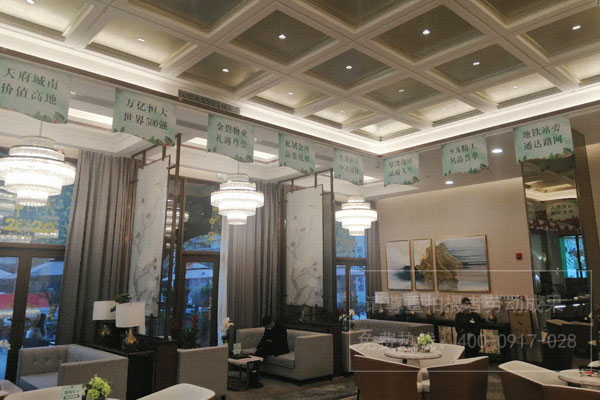 樓盤營銷中心洽談區(qū)吊旗廣告制作安裝
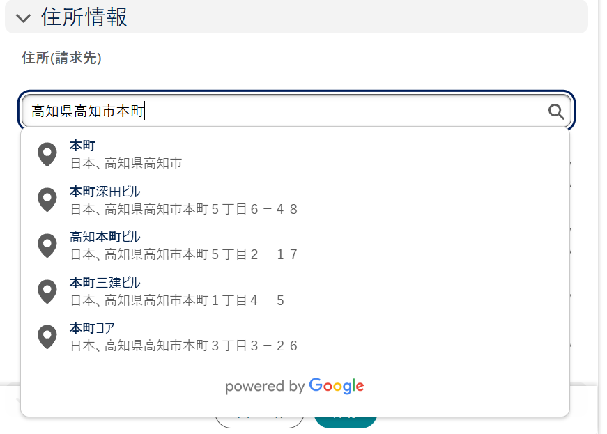 特徴としては、Google検索で候補表示してくれて便利だったり、事前に設定した都道府県の選択リストを出して表記揺れを防いだりしてくれたりします。
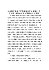 中共浙江省委书记车俊同志在全省深化“千万工程”推进乡村振兴现场会上的讲话实施乡村振兴战略,是以习近平同志为核心的党中央作出的重大决策,也是新时代做好“三农”工作的新旗帜和总抓手。2003年,时任浙江省委书记习近平亲自谋划、亲自部署、亲自推动“千村示范、万村整治”工程,揭开了美丽浙江建设的宏伟篇章。15年来,全省上下坚持一张蓝图绘到底、一年接着一年干,锲而不舍、久久为功,“千村示范、万村整治”工程给浙江农村大地带来了全面深刻、影响深远、鼓舞人心的变化,为实现乡村全面振兴奠定了扎实基础。推动“八八战略”再深化、改革开放再出发,乡村是一个重要战场,乡村振兴战略是一个关键战略。我们要深入贯彻落实习近平...
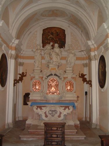 - Descrizione: Tre statue del bassanese Torretti si ergono nell'oratorio sul movimentato fastigio dell'altare marmoreo, realizzato dal veneziano B.Tabacco.
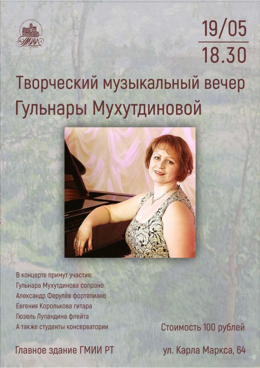 Творческий вечер Гульнары Мухутдиновой состоялся 19 мая в Государственном музее изобразительного искусства Республики Татарстан.
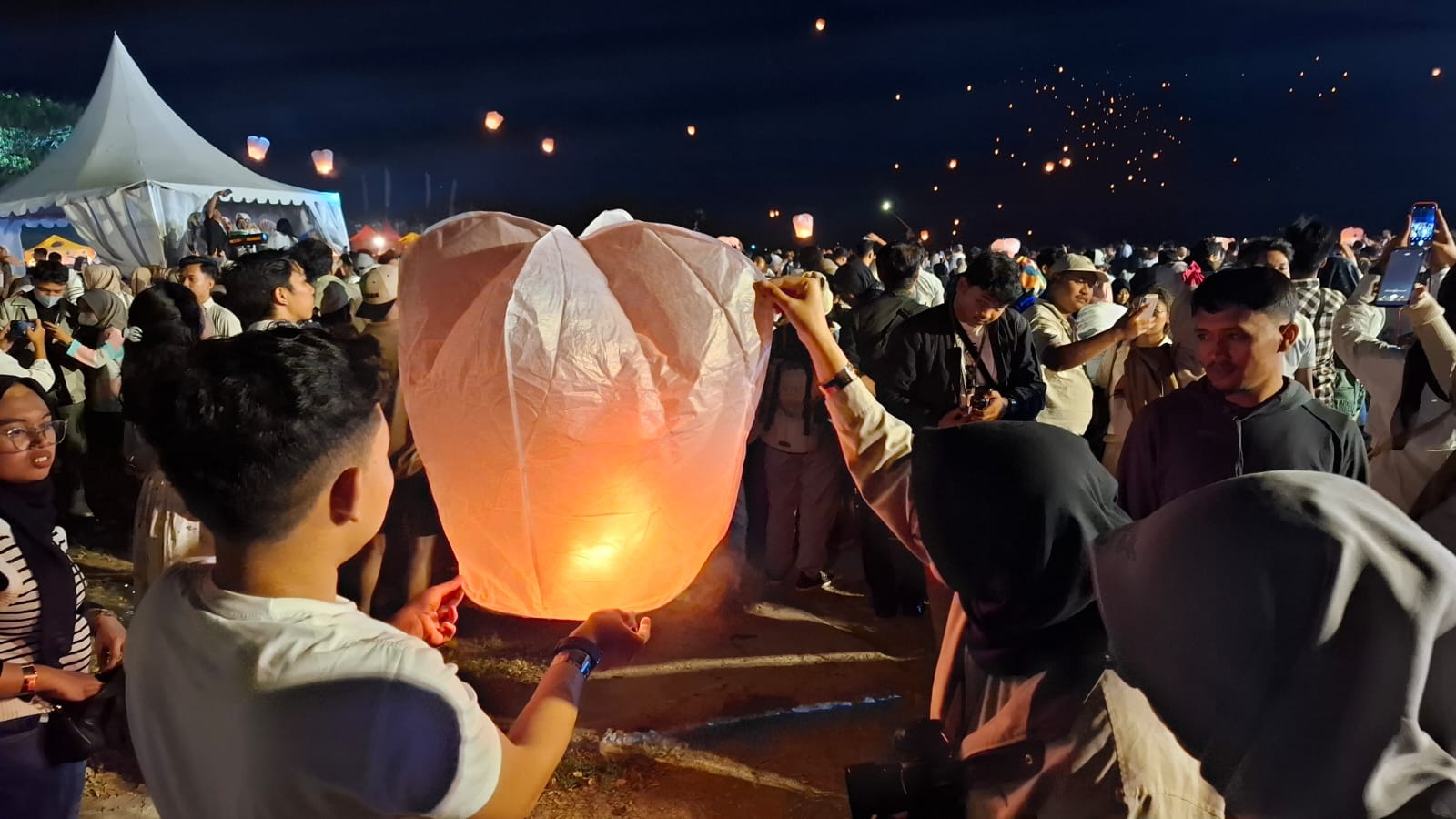 Caption - Pengunjung terlihat antusias sesaat sebelum penerbangan lampion serentak dilakukan secara bersamaan di Laguna View Pantai Depok. (Foto: Hendro SB/Warta Jogja)
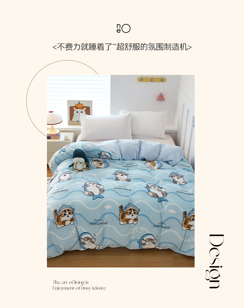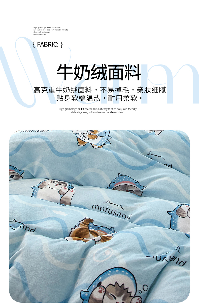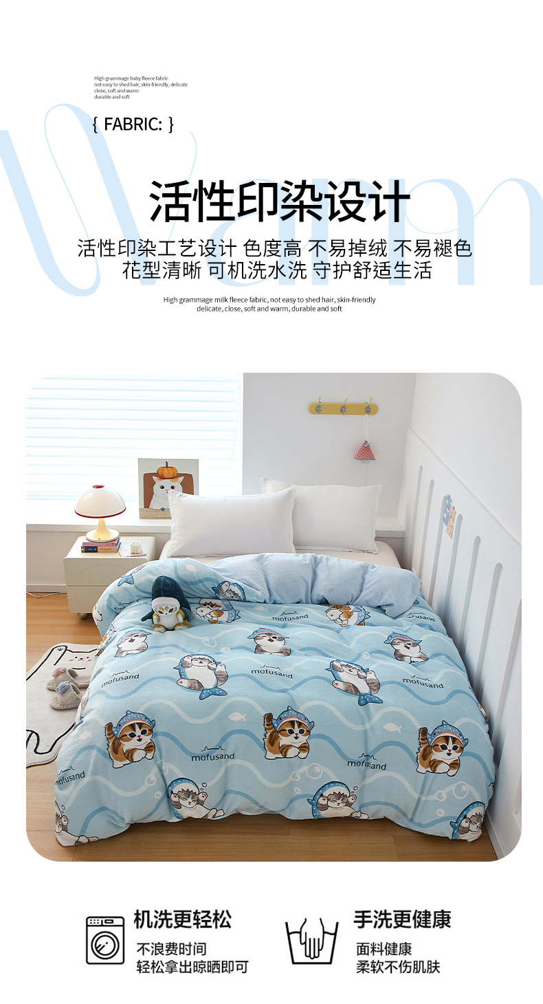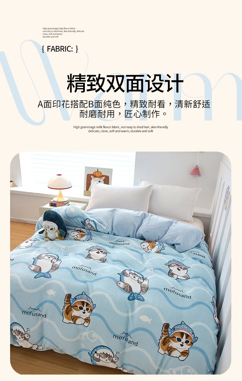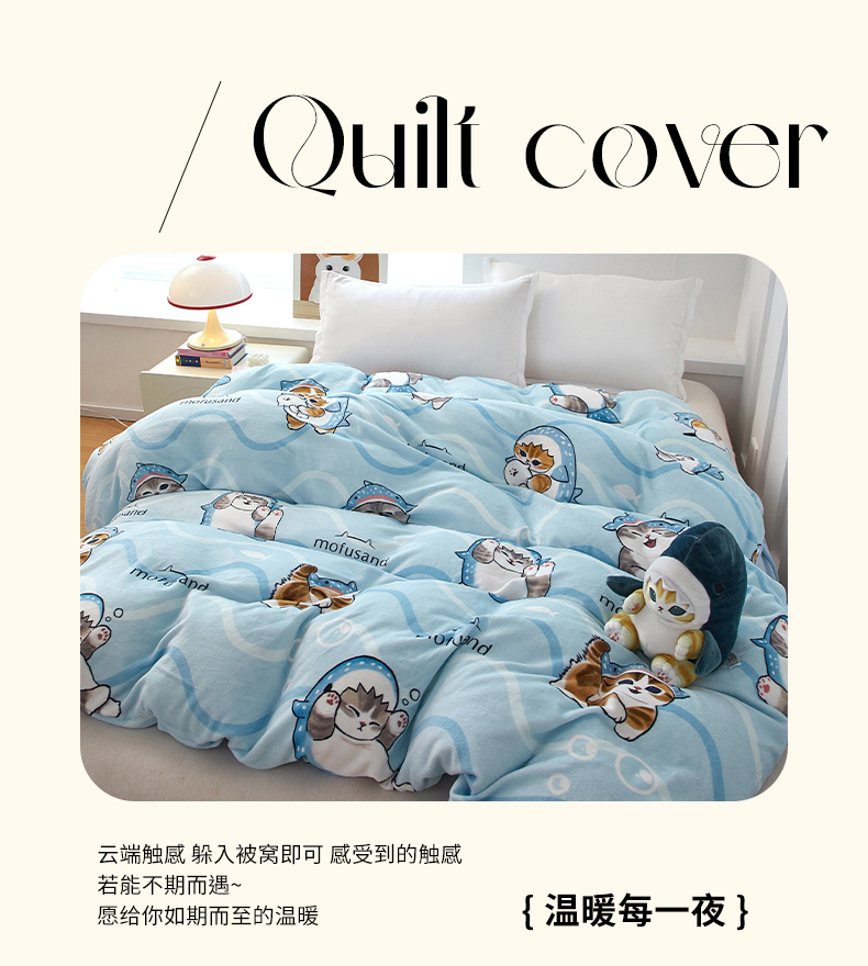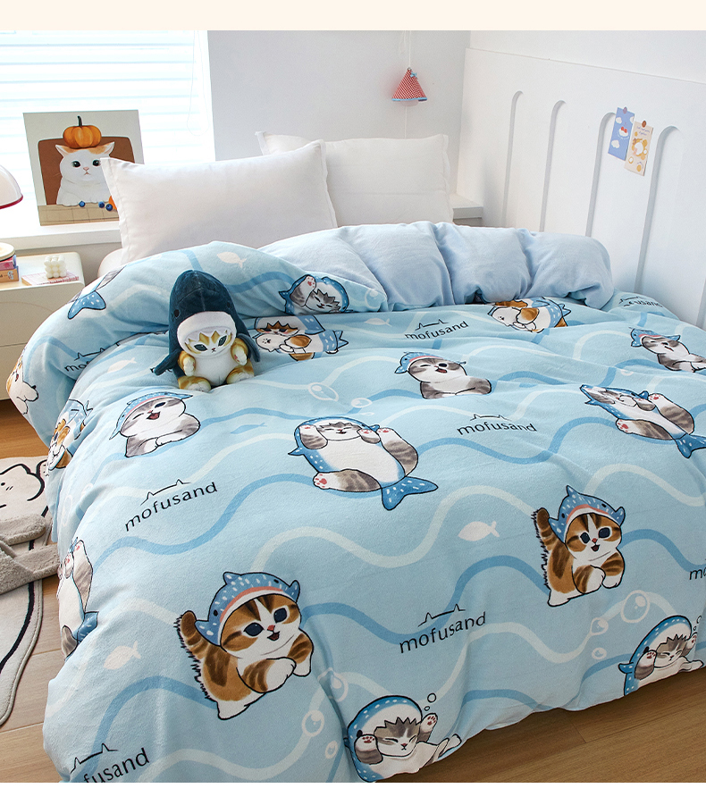商品名称:蘭菲家纺 2025新款高克重牛奶绒正版鲨鱼猫系列单品被套 珊迪出海-猫福
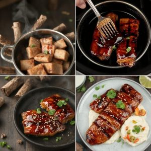 Denne retten gir en spennende smakskombinasjon hvor det salte pinnekjøttet møter en søt, krydret og umami-rik asiatisk glaze. Glazen gir kjøttet en klebrig, karamellisert overflate, mens det tradisjonelle, møre kjøttet beholder sin saftige og intense smak. Ingefær og hvitløk tilfører en pikant krydret dybde, mens sesamolje gir en nøtteaktig aroma. Jeg elsker hvordan den søte og syrlige limen frisker opp retten og balanserer det salte kjøttet – en eksplosjon av smaker som gir en ny vri på en gammel klassiker.

What you are asked to do →
Starting at the line with "中共浙江省委书记车俊同志在全" and finishing at the line with "商品名称:蘭菲家纺 2025新款高克重牛奶绒正版鲨鱼猫系列单品被套 珊迪出海-猫福", copy the material above exactly, both lines included. Nothing else goes in, and no pictures.

Written solution →
 中共浙江省委书记车俊同志在全省深化“千万工程”推进乡村振兴现场会上的讲话实施乡村振兴战略,是以习近平同志为核心的党中央作出的重大决策,也是新时代做好“三农”工作的新旗帜和总抓手。2003年,时任浙江省委书记习近平亲自谋划、亲自部署、亲自推动“千村示范、万村整治”工程,揭开了美丽浙江建设的宏伟篇章。15年来,全省上下坚持一张蓝图绘到底、一年接着一年干,锲而不舍、久久为功,“千村示范、万村整治”工程给浙江农村大地带来了全面深刻、影响深远、鼓舞人心的变化,为实现乡村全面振兴奠定了扎实基础。推动“八八战略”再深化、改革开放再出发,乡村是一个重要战场,乡村振兴战略是一个关键战略。我们要深入贯彻落实习近平...
 - Descrizione: Tre statue del bassanese Torretti si ergono nell'oratorio sul movimentato fastigio dell'altare marmoreo, realizzato dal veneziano B.Tabacco.
 Творческий вечер Гульнары Мухутдиновой состоялся 19 мая в Государственном музее изобразительного искусства Республики Татарстан.
 Caption - Pengunjung terlihat antusias sesaat sebelum penerbangan lampion serentak dilakukan secara bersamaan di Laguna View Pantai Depok. (Foto: Hendro SB/Warta Jogja)
商品名称:蘭菲家纺 2025新款高克重牛奶绒正版鲨鱼猫系列单品被套 珊迪出海-猫福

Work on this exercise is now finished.